But Nort, however impatient he may be getting, will have to wait even a little while yet, for notable events were to occur in the printing-office just before he arrived, without which, indeed, he never could have arrived at all. If it had not been for the ploughing and harrowing of Ed Smith, painful as it was to that ancient and sedate institution, the Hempfield Star, there never would have been any harvest for Norton Carr, nor for me, nor for Anthy. So good may come even out of evil.

As I narrate these preliminary events, however, you will do well to keep in your thought a picture of Nort going about his pleasures – I fear, at that time, somewhat unsteadily – in the great city, not knowing in the least that chance, assisted by a troublesome organ within called a soul, was soon to deposit him in the open streets of a town he had never heard of in all his life, but which was our own familiar town of Hempfield.
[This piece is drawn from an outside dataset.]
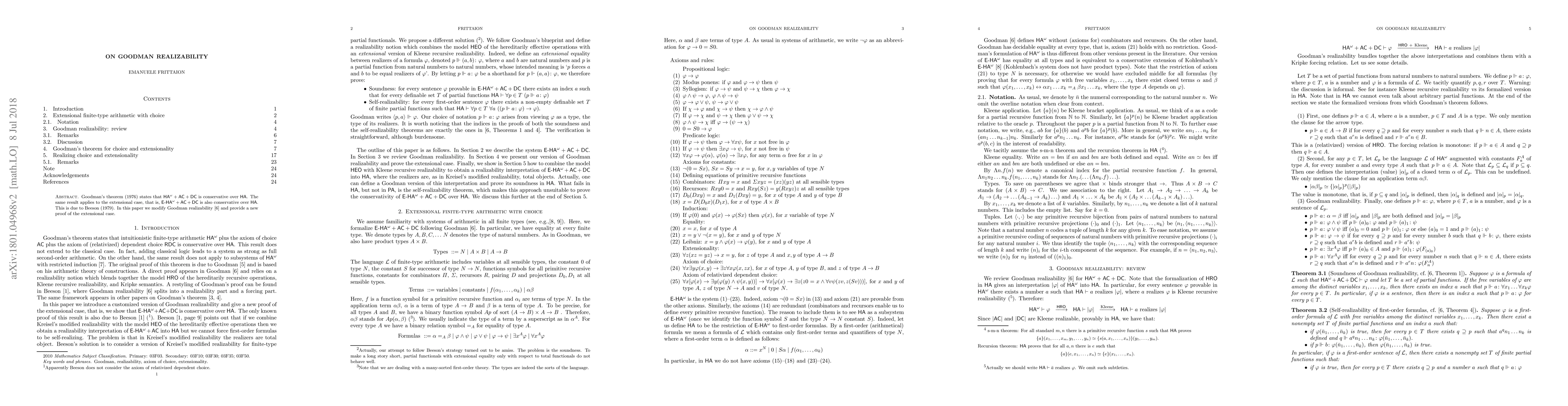 Goodman's theorem (1976) states that intuitionistic finite-type arithmetic plus the axiom of choice plus the axiom of relativized dependent choice is conservative over Heyting arithmetic. The same result applies to the extensional variant. This is due to Beeson (1979). In this paper we modify Goodman realizability (1978) and provide a new proof of the extensional case.

The thought of Nort looking rather mistily down the common – he was standing just in front of the Congregational Church – and asking, "What town am I in, anyhow?" lingers in my memory as one of the amusing things I have known.

Late in June I began to feel distinctly the premonitory rumblings and grumblings of the storm which was now rapidly gathering around the Star. It was a very clever Frenchman, I believe – though not clever enough to make me remember his name – who, upon observing certain disturbances in the farther reaches of the solar system, calculated by sheer mathematical genius that there was an enormous planet, infinitely distant from the sun, which nobody had yet discovered.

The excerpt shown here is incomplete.